Copy the whole listing below exactly.
=== Information shown ===
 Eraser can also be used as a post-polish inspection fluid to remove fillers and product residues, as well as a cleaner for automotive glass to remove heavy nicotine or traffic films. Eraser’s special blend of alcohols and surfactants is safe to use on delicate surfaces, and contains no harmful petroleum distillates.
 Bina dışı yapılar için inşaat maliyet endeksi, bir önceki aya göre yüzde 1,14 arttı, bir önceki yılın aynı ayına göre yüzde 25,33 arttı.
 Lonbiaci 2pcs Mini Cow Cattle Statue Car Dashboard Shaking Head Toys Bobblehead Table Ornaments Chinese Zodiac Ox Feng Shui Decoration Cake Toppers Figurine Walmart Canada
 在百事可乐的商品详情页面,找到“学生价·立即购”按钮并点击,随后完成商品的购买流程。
===
- _Answer to the exercise_:
 Eraser can also be used as a post-polish inspection fluid to remove fillers and product residues, as well as a cleaner for automotive glass to remove heavy nicotine or traffic films. Eraser’s special blend of alcohols and surfactants is safe to use on delicate surfaces, and contains no harmful petroleum distillates.
 Bina dışı yapılar için inşaat maliyet endeksi, bir önceki aya göre yüzde 1,14 arttı, bir önceki yılın aynı ayına göre yüzde 25,33 arttı.
 Lonbiaci 2pcs Mini Cow Cattle Statue Car Dashboard Shaking Head Toys Bobblehead Table Ornaments Chinese Zodiac Ox Feng Shui Decoration Cake Toppers Figurine Walmart Canada
 在百事可乐的商品详情页面,找到“学生价·立即购”按钮并点击,随后完成商品的购买流程。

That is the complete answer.